I'm a firm believer that food is medicine. But medicine doesn't always have to taste bad. One bright and colorful food commonly used in many delicious Mediterranean dishes adds loads of flavor and has a plethora of health benefits associated with it.

It's called turmeric! Studies have shown turmeric has potent anti-inflammatory properties that can help relieve swelling and pain and may reduce your risk of developing chronic diseases such as cancer, diabetes, and cardiovascular disease. Now that's good medicine.

Today we're using turmeric to make my amazing anti-inflammatory recipe for Spiced Chocolate Chia Seed Pudding. While it takes a bit of fridge time to make this treat, I can assure you it's well worth the wait!
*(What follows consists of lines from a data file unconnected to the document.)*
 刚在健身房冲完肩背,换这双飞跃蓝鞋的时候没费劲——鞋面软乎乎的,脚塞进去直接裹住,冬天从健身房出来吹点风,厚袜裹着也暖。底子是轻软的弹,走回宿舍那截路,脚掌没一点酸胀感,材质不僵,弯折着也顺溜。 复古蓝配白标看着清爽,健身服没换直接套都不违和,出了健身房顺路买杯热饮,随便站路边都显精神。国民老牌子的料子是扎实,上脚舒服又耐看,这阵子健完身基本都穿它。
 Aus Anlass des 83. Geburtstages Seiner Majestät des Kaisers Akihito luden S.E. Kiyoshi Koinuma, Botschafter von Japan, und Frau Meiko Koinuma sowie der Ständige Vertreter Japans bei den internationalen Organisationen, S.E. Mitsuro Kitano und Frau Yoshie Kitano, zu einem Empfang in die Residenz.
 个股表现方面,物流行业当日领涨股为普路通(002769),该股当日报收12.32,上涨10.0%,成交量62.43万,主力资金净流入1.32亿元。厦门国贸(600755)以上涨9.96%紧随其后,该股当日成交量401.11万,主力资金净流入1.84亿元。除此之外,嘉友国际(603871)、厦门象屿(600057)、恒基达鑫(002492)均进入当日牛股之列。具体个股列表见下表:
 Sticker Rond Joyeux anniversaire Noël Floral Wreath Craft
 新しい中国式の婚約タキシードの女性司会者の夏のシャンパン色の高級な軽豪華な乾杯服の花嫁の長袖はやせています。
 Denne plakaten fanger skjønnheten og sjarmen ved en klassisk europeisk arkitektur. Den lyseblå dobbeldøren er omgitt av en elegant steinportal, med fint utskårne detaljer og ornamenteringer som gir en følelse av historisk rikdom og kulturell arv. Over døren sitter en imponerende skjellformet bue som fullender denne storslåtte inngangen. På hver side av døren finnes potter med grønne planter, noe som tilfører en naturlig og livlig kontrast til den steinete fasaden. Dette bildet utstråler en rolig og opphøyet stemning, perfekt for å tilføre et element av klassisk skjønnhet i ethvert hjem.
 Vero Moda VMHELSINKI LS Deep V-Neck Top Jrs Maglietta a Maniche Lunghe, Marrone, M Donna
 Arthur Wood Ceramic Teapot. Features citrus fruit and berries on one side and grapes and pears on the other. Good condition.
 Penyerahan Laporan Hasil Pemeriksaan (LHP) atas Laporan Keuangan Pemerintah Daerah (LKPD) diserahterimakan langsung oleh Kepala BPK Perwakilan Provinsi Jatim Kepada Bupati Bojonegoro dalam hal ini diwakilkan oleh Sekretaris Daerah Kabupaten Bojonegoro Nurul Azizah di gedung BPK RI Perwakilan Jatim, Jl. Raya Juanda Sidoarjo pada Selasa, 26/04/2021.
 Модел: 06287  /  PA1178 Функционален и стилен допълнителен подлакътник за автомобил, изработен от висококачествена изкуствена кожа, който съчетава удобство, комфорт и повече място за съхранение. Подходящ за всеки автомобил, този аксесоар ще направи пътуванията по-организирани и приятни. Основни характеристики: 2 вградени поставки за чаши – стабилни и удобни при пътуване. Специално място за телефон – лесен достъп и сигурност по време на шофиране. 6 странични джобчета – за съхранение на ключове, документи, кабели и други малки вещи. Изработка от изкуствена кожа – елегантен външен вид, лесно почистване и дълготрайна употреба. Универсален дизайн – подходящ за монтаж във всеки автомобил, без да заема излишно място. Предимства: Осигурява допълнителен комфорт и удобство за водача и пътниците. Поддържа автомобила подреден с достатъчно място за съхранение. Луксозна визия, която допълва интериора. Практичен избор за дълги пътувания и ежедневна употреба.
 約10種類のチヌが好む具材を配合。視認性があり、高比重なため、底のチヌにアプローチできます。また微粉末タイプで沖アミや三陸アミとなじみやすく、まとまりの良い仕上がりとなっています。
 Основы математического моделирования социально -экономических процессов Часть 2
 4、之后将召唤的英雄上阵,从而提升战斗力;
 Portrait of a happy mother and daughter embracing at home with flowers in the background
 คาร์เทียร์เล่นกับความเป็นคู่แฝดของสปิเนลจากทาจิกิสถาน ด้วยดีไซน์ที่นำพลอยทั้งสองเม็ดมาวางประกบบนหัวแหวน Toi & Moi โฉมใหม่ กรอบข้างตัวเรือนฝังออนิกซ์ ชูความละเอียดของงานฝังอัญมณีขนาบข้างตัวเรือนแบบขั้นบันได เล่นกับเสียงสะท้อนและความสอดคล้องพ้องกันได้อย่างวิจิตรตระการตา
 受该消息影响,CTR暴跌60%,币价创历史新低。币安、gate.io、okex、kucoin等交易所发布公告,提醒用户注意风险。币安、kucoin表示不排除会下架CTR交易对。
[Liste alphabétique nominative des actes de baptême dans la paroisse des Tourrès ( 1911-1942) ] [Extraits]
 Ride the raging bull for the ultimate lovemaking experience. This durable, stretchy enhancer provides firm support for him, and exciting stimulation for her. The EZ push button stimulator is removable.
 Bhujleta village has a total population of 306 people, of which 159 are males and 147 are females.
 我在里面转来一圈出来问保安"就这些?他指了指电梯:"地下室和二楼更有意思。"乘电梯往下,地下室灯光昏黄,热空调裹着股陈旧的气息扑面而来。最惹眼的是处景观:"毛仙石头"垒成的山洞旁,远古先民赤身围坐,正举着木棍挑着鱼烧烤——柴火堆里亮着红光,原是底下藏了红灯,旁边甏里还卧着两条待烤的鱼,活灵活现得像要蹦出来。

The recipe calls for maple syrup, but you can substitute with raw honey or 1-2 teaspoons of stevia to taste. You can also mix it up and replace the dried fruit with nuts or shredded coconut. Feel free to substitute the oat milk for 2 cans of full-fat coconut milk or another dairy if you prefer. Yogurt works well here too!

It will keep well in an air-tight container in the fridge for up to 3 days. This pudding is great to make the night before stored in small mason jars and ready to serve the following day.

Spiced Chocolate Chia Seed Pudding

Prep Time: 3 Minutes

Cook Time: 5 hours

Servings: 4


· 2 cups oat milk, preferably “barista” style or creamer (it’s thicker)

· 1 tsp vanilla extract

· 2-3 tbsp maple syrup

· 1/2 cup cacao powder or unsweetened cocoa powder

· 2/3 cup chia seeds

· 1 tsp cinnamon

· 2 tsp turmeric

· 1/4 tsp ground black pepper

· 1/4 cup chopped fruit, optional


1. Place ingredients except for the fruit in a high-powered blender and blend until smooth. Or place in a canning jar with a tight lid and shake to mix.

2. Cover and chill in the fridge for at least 3-5 hours to thicken. Depending on the milk and how thick you prefer your pudding, less or more time may be needed.

3. Spoon into dessert cups or small mason jars, top with chopped fruit, and enjoy!